AIM OF THE TASK -> What are the lines below, starting at the line containing "5年生が作品展に展示するため" and ending at the line containing "LUXE DIVA Hi"? Write them out exactly, ends included, without pictures.

DATA EXCERPTS ->
Content starts
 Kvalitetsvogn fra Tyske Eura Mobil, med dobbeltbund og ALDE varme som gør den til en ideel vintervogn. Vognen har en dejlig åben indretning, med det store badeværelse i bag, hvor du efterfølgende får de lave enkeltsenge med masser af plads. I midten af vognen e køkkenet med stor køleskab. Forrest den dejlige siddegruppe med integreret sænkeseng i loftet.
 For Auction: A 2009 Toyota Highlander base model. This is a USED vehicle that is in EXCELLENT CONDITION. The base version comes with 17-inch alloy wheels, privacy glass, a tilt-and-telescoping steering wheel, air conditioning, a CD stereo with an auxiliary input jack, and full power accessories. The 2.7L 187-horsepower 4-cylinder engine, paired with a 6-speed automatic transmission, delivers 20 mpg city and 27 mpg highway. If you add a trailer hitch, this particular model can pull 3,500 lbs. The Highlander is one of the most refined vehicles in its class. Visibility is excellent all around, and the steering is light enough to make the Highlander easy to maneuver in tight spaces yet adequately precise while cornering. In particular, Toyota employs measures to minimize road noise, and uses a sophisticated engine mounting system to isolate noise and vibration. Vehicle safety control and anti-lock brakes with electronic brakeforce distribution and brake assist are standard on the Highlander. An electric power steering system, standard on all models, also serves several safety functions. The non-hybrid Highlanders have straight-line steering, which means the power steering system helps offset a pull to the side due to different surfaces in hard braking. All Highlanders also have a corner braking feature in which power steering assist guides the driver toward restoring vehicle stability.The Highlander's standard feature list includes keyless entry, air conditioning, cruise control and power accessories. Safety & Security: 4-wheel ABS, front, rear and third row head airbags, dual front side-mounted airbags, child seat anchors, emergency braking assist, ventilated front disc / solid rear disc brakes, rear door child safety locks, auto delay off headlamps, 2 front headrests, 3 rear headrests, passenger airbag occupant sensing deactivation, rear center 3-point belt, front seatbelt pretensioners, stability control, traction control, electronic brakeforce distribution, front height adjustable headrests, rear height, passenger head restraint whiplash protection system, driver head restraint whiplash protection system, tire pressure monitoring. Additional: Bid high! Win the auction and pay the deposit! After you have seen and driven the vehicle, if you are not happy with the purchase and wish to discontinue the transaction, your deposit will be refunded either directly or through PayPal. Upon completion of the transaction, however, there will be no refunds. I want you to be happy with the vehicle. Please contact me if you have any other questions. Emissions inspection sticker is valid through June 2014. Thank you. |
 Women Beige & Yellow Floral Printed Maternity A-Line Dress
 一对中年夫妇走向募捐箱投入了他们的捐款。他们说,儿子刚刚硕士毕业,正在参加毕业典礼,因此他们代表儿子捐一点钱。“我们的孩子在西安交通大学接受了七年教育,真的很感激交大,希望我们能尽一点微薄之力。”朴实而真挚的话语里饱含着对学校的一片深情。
Content ends
Content starts
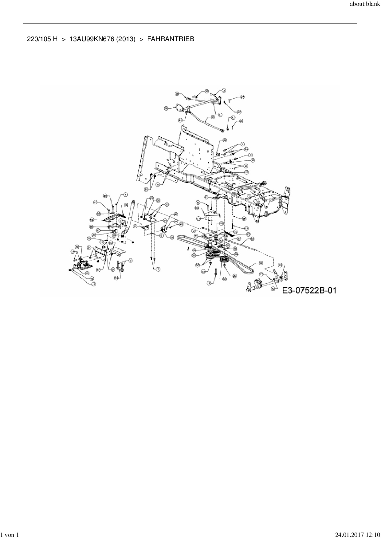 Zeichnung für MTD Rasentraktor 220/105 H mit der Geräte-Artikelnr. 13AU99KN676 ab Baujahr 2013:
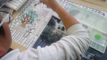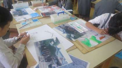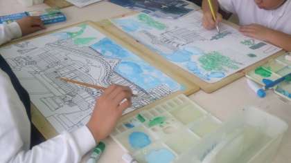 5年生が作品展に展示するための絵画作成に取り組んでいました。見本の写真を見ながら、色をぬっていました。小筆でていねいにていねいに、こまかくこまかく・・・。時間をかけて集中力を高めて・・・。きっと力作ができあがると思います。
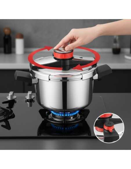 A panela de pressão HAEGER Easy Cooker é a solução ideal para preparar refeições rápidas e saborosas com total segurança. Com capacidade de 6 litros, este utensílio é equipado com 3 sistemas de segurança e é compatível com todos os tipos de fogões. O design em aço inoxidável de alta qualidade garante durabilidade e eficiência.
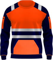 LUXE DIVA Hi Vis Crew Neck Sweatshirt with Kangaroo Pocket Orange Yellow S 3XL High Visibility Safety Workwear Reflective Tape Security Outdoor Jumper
Content ends
Content starts
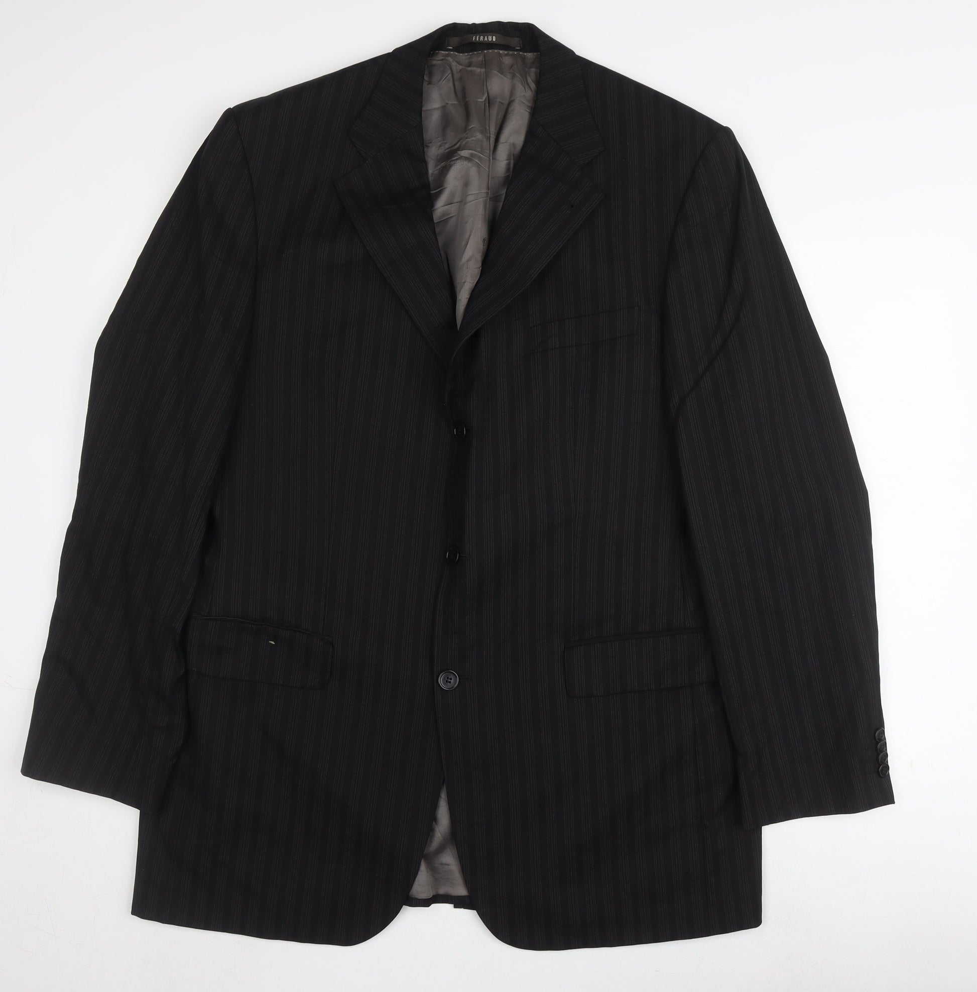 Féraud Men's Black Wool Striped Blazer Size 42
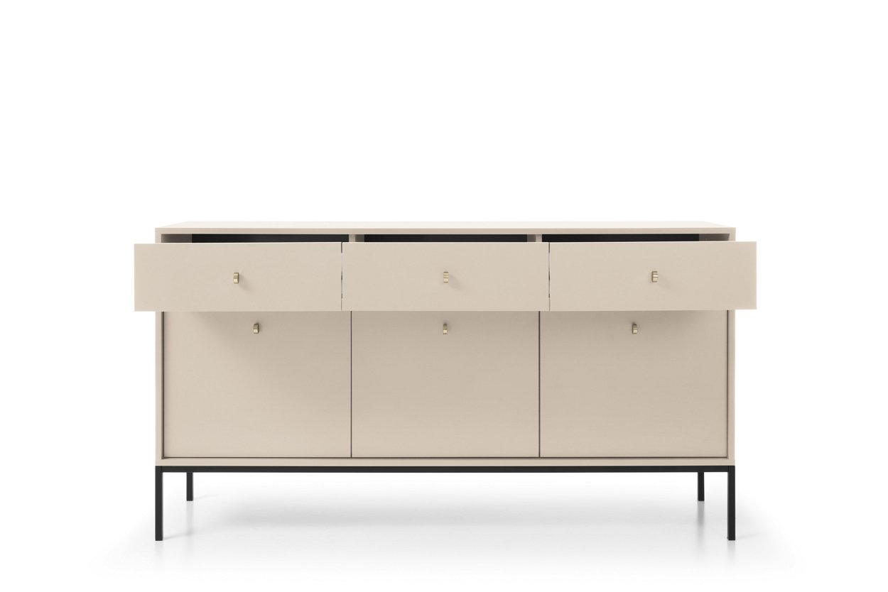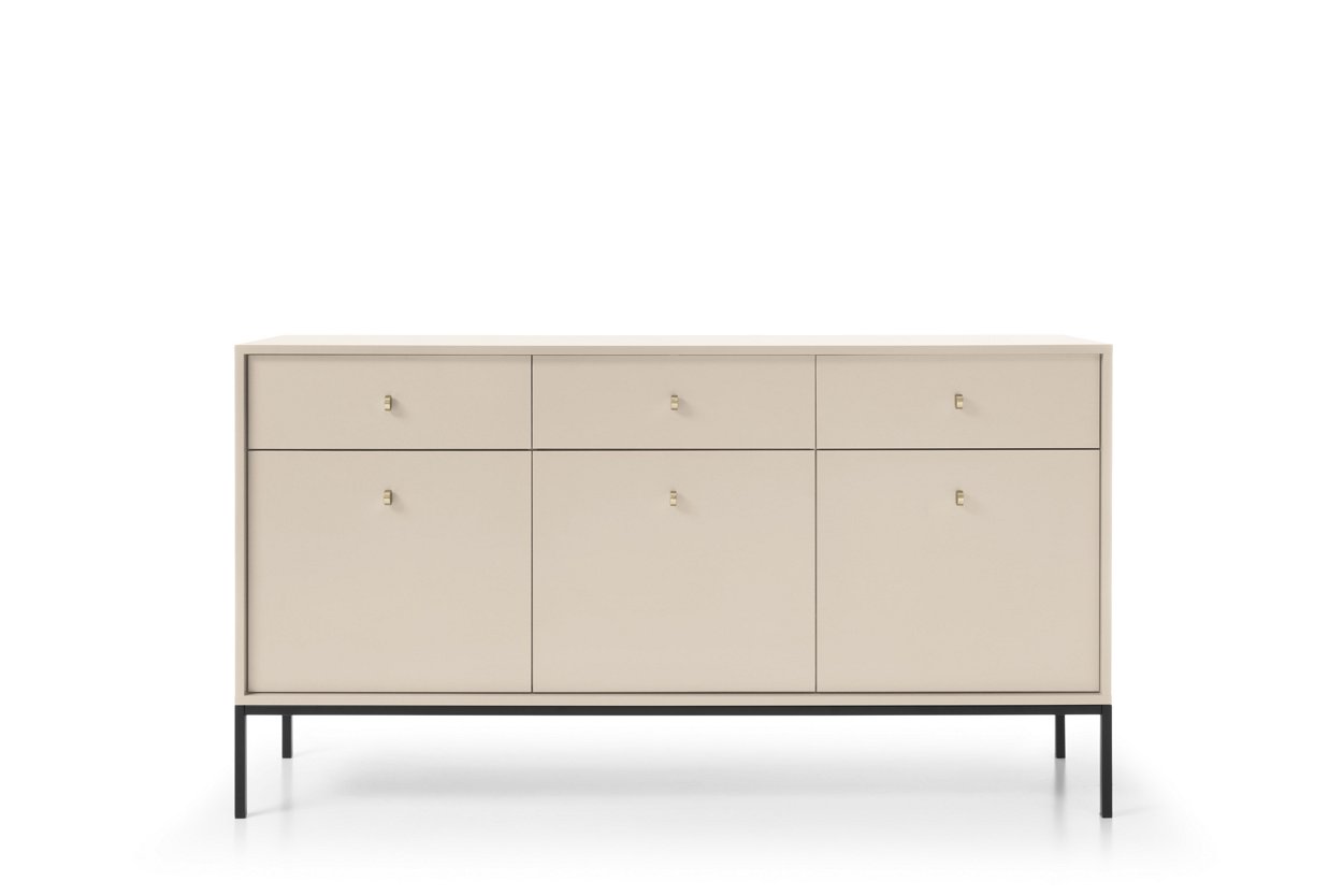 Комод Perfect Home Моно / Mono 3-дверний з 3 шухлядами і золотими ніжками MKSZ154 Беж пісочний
Content ends
OUTPUT ->
 5年生が作品展に展示するための絵画作成に取り組んでいました。見本の写真を見ながら、色をぬっていました。小筆でていねいにていねいに、こまかくこまかく・・・。時間をかけて集中力を高めて・・・。きっと力作ができあがると思います。
 A panela de pressão HAEGER Easy Cooker é a solução ideal para preparar refeições rápidas e saborosas com total segurança. Com capacidade de 6 litros, este utensílio é equipado com 3 sistemas de segurança e é compatível com todos os tipos de fogões. O design em aço inoxidável de alta qualidade garante durabilidade e eficiência.
 LUXE DIVA Hi Vis Crew Neck Sweatshirt with Kangaroo Pocket Orange Yellow S 3XL High Visibility Safety Workwear Reflective Tape Security Outdoor Jumper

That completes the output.